Later this month is the first anniversary of Superstorm Sandy, the hurricane that affected many states and caused severe damage to New York and New Jersey.
"Often communities are rebuilding while looking toward the next possible disaster," he says. "And recent reports that global weather is likely to become more severe is a factor that areas prone to disasters and most recently affected areas must address as they rebuild. The power of community in drawing back residents, the critical nature of trust in government and neighbors, and the importance of long-term commitments have never been so important."
Aldrich's research, including the 2011 tsunami and nuclear disaster in Japan and the 2005 flood damage from Hurricane Katrina, shows that people who have stronger individual friendships, community connections and civic involvement are more likely to have access to resources and information that can help them return and rebuild.
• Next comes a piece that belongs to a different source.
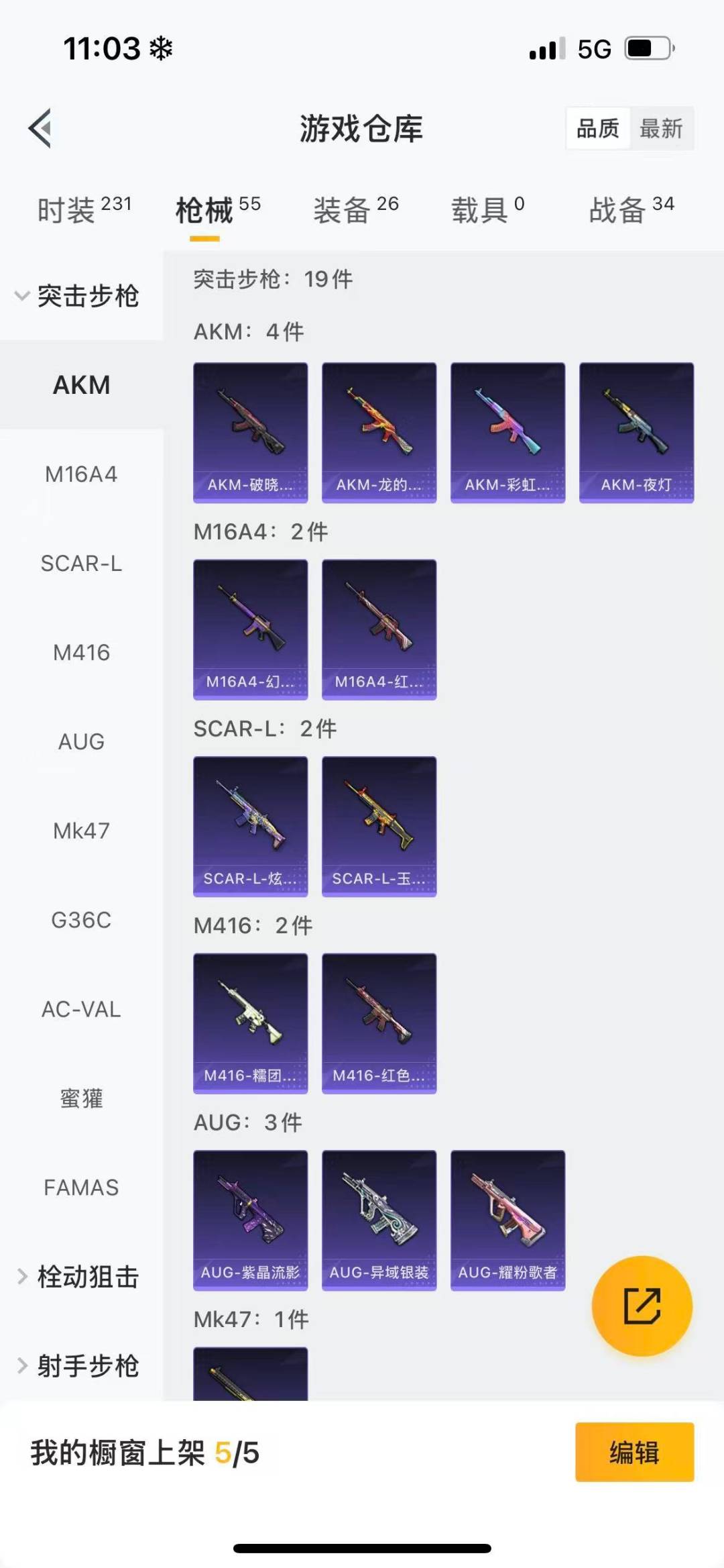 - PX_2081375-实名: 可修改 时装数: 476 载具数: 1 枪械数: 176 战备数: 130 热门装扮: 霁雪冰心,彩虹甜喵,守护天翼,千金淑猫 载具: 幻影随行 稀有枪皮: Kar98K未来歌姬【5级】,SCAR-L-锦绣绵绵【5级】,M416电玩时刻【5级】,Mk14精灵梦叶罗丽【7级】,Kar98K-巳巳如意【5级】

These same characteristics also can help people survive a disaster and cope with the immediate aftereffects.
"Knowing how valuable a community's social network is with the threat of future disasters, governments and emergency planners will need to incorporate these in disaster planning not only to survive the next weather catastrophe but also to strengthen the community for the long term," he says.
In addition to studying the 2011 Japan and 2005 Hurricane Katrina disasters, Aldrich also has studied disaster recovery and community rebuilding following the 2004 Indian Ocean Tsunami in Tamil Nadu, the 1923 earthquake in Tokyo and the 1995 earthquake in Kobe, Japan. He is author of "Site Fights: Divisive Facilities and Civil Society in Japan and the West."